Philadelphia’s impact on Lynch and his films doesn’t stop there. As podcast host and professor Julien Suaudeau explores in the latest season of Song of Philadelphia, Lynch may have moved to LA after receiving the grant from AFI that allowed him to make his debut feature, Eraserhead, but the influence of Philadelphia on that film and his art is undeniable. From the soundscape of Eraserhead to the film’s depiction of parenthood, Lynch himself has acknowledged Philadelphia as an inspiration and now Suaudeau is unpacking the connections over the course of seven episodes.
While previous seasons of the Hidden City podcast have focused on capturing the sounds of the city or revolved around the theme of “hanging in there,” Suaudeau offered this as one of the reasons he choose Song of Lynchadelphia for this season's theme: “…Philly is present throughout Lynch’s filmography in ways that I find fascinating. I am not talking about visibility—the city itself only gets two exterior shots in the entire Twin Peaks universe—but about an extremely powerful aura, which had never been discussed substantially in film theory.”
In the episodes released Suaudeau includes new interviews with the people who lived with Lynch during his Philly years, including Lynch’s best friend and lauded production designer, Jack Fisk, and Lynch's ex-wife and fellow PAFA student, Peggy Reavey.
The whole perspective
Suaudeau also talks to Philly locals like PhilaMoca head programmer Eric Bresler (who provides some audio from PhilaMoca's Eraserhead Forever events) and Josh Hitchens, who was the last Philadelphian to interview Lynch in 2022 for Philadelphia Weekly.
Lynch wasn’t always complimentary in his descriptions of Philly. The words “filthy” and “hellhole” were used. In fact, as Suaudeau touches on in episodes three and four, Lynch returned to Philly at one point with the idea of making Ronnie Rocket, a film that never came to fruition, but changed his mind when he found the city gentrified.
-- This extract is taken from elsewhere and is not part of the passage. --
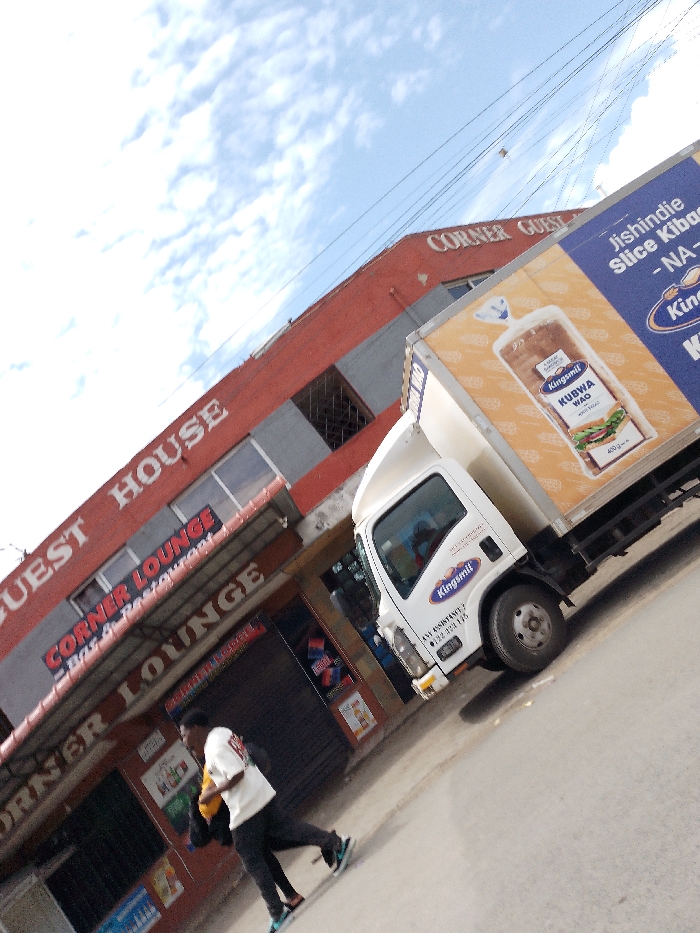 The image displays a street scene in Nakuru, Kenya, under a partly cloudy blue sky. A two-story building, painted red with grey accents, occupies the left side, featuring "CORNER GUEST HOUSE" in white lettering on the upper level and "CORNER LOUNGE Bar & Restaurant" on the ground floor. The ground floor exhibits a closed dark roller shutter and various beverage advertisements on a storefront. Positioned centrally and to the right, a white commercial delivery truck, branded "Kingsmil," displays large advertisements for bread products on its cargo box, including "Kingsmil Kubwa Wao" and a contact number "222 423 113." A ladder is visible on the truck's side. A lone individual, dressed in a light-colored short-sleeved shirt, dark trousers, and light-colored sneakers with blue accents, walks from left to right across the lower frame, carrying a yellow object and a dark bag. Overhead utility lines crisscross the upper sky. The street surface is light grey.

As Suaudeau clarifies though: “One of the most interesting things I learned while producing Song of Lynchadelphia is that Lynch did not use those words while he lived here. The perception of Philly as a place filled with fear, corruption, insanity, and violence is a narrative he came up with later in life. Why? We can only speculate. … What I do know is what Peggy Reavey…, told me: the fear—of failing as an artist, of not making it, of not being able to pursue what he called the ‘art life’—was inside him when he arrived in Philly, and he projected it on the city to make art.”
As for what future seasons of Song of Philadelphia could hold, Suaudeau had this to say: “…I have always been amazed by the discrepancy between the city’s rich history in the arts and its apparent inability to memorialize it. …. Why do we make this assumption that the world comes to Philadelphia mostly to check out the Rocky statue, the Liberty Bell, and visit the museums? What about the Philly Sound? Young Americans, the album David Bowie recorded here? Elaine May’s Mikey and Nicky? These are just a couple of examples that I’m planning on highlighting in seasons to come.”
Suaudeau further added: “There are so many blind spots in our perceptions of artists, and so many key factors and people get forgotten because of our focus on the end product and the way it’s promoted. Moving forward, I want to focus more on the ones in the shadow, the unsung heroes, who often happen to be women. What we refer to as the artist contains multitudes, and David Lynch’s cinema as we know it would not exist without Peggy Reavey.”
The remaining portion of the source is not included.